As you would expect, the conclusion is that if your site is hugely slow you will not get indexed and will not rank in the SERPs. What is “hugely slow”? Google has indicated that slow is a relative notion and is determined based on the loading times typical of sites in your geographical region. Having said that, relative or not, from an SEO perspective I wouldn’t want to have a site where pages are taking more than 10 seconds on average to load. We have found from the sites we have tested and built that average load times higher than approximately 10 seconds to completely load a page will have a significant impact on being indexed. From a UE perspective, there is some interesting data that the limit on visitors patience is about 6-8 seconds. Google has studied this data, so it would probably prefer to set its threshhold in that region. But I doubt it can. Many small sites are not that sophisticated, do not know these kinds of rules, and do not know how to check or evaluate their site loading times. Besides this, there are often problems with hosts that cause servers to run slowly at times. Google has to take that into account, as well. So I believe that the timeout has to be substantially higher than 6-8 seconds, but 10 seconds as a crawl limit is a guess,
I have yet to see a definitive statement by anyone as to what the absolute limit is for site speed before indexing ceases altogether (if you have a reference, please post it in the comments). I’m sure that if a bot comes to a first page and it exceeds the bot’s timeout threshold in the algorithm, your site won’t get spidered at all. But once the bot gets by the first page, it has to do an on-going computation of average page loading times for the site to determine if the average exceeds the built-in threshold, so at least a few pages would have to be crawled in that case.
Now here’s where it gets interesting. What happens between fast (let’s say < 1-2 second loading times, although this is actually pretty slow but a number Matt Cutts in the video below indicates is ok) and the timeout limit? And how important is site speed as a ranking signal? Let’s answer one question at a time.
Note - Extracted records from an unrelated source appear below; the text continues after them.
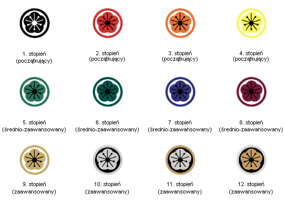 Stopni mistrzowskich, podobnie jak uczniowskich, również jest 12.
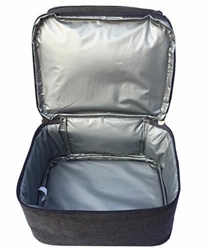 -. Feature : TWO DIVIDED COMPARTMENTS: two sections that keep cold and warm items separate. On top, a roomy pouch is great for chips, fruit, drinks snacks and cookies. Square bottom compartment used to carry your lunch, sandwich, salad and etc. / SCHOOL TRAVEL OR WORK: a perfect cooler bag for lunch or snacks on the road, ideal for people with special diets, food sensitivities or allergies. A multi-purpose bag, can be used to storage food for work, to school or on traval. / DIMANSION: 9 x 7 x 9 inches, 7L inner capacity, roomy enough to hold enough food for a whole day work or for 1-2 people for picnic. / MATERIAL: made with 600D durable Polyester wipe clean easily, 10mm PE foam padding thick enough to keep food warm or cold for much longer, interior insulated PEVA lining, eco-friendly, food safe. / CONVENIENT HANDLING DESIGNED: it comes with an adjustable and removable shoulder strap, and a comfort-grip handle.
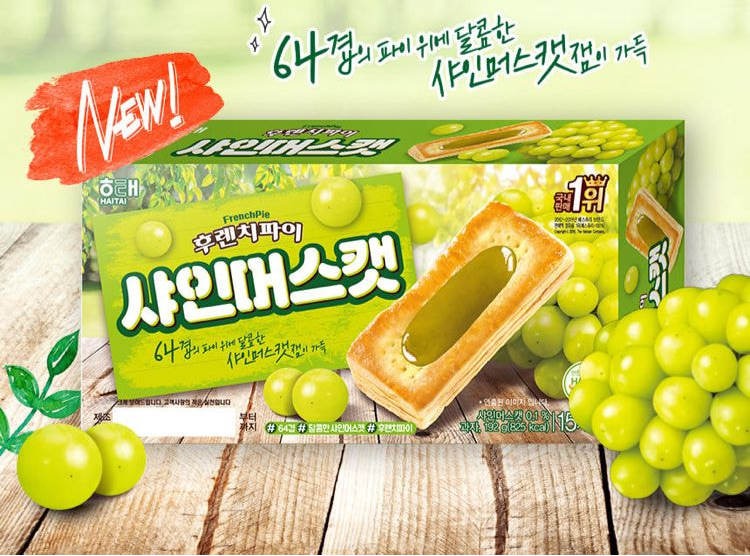 烘焙品类中,韩国休闲零食品牌海太将青提果酱与经典法式点心相结合,在2021年6月推出一款青提果酱法式点心派。青提果酱由应季青提带皮压榨制成,充分保留原有果香和甜度。层层酥脆的64层经典法式点心,搭配香甜浓郁果酱,解锁味蕾极致享受,非常适合下午茶、朋友小聚等休闲时刻食用。产品一经上市,便受到众多消费者的青睐,美食博主等KOL也纷纷社交媒体上种草分享。
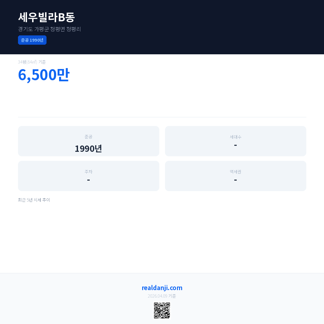 세우빌라B동 최근 거래가는 6,500만입니다. (2026-03)
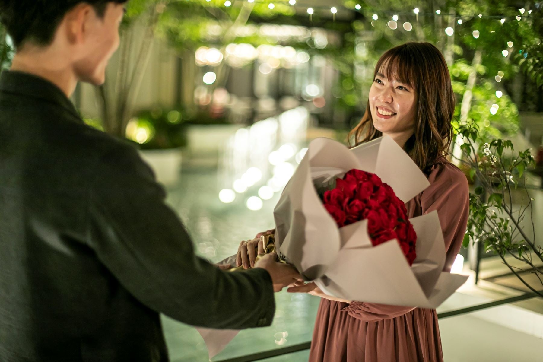 ②中庭「Cabana Garden」でプロポーズ ※雨天の場合、ホテル3階「マグノリアチャペル」にて
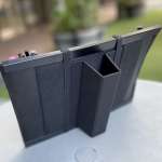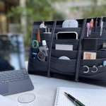 さらに裏側にはスタンドプレートが設けられており、デスクやテーブルの上に自立させておくことも可能。そのため、小物を取り出す際にいちいちカバンに出し入れせずに済みます。また、カフェなど狭いスペースでも効率的に作業が可能です。本製品はボード状のため、収納するカバンがショルダーバッグであっても、バッグ自体がへたらず、自立しやすくなるというのもメリットです。
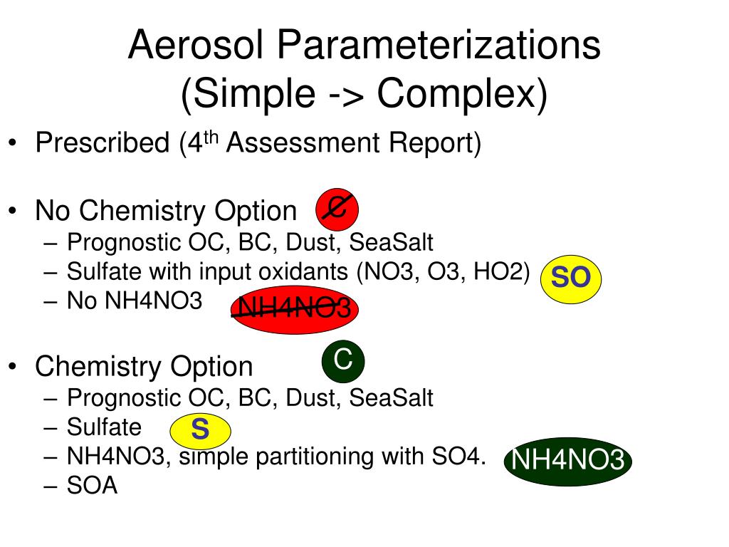 Prescribed (4th Assessment Report) No Chemistry Option Prognostic OC, BC, Dust, SeaSalt Sulfate with input oxidants (NO3, O3, HO2) No NH4NO3 Chemistry Option Prognostic OC, BC, Dust, SeaSalt Sulfate NH4NO3, simple partitioning with SO4. SOA Aerosol Parameterizations(Simple -> Complex) C SO NH4NO3 C S NH4NO3

When a site is slow but not slow enough to hit any built-in timeout limits (not tied to the number of pages), a couple of things can happen. We do know that Google allocates bot time by the number of pages on the site and the number of pages it has to index/re-index. So for a small site that performs poorly, it is likely that most of the pages will get indexed. Likely, but not a guarantee. It all depends on the cumulative time lag versus the average that a site creates. If a site is large, then you can almost guarantee that some pages will not be indexed, as the cumulative time lag will ultimately hit the threshold set by the bots for a site of that number of pages. By definition, some of your content will not get ranked and you will not get the benefit of that content in your rankings.
As an aside, by the way, there has been a lot of confusion around the <meta name=”revisit-after”> tag. The revisit-after meta tag takes this form <meta name=”revisit-after” content=”5 days”>.
This tag supposedly tells the bots how often to come back to the site to reindex this specific page (in this case 5 days). The idea is that you can improve the crawlability of your site by telling the bots not to index certain pages all the time, but only some of the time. I became aware of this tag at SMX East, when one of the “authorities” on SEO mentioned it as usable for this purpose. The trouble is that, from everything I have read, the tag is completely unsupported by any of the major engines, and was only supported by one tiny search engine (SearchBC) many years ago.
But let’s say you are one of the lucky sites where the site runs slowly but all the pages do get indexed. Do Google or any of the other major search engines use the site’s performance as a ranking signal? In other words, all my pages are in the index. So you would expect that they would be ranked based on the quality of their content and their authority derived from inbound links, site visits, time-on-site, and other typical ranking signals. Performance is not a likely candidate for a ranking signal and isn’t important.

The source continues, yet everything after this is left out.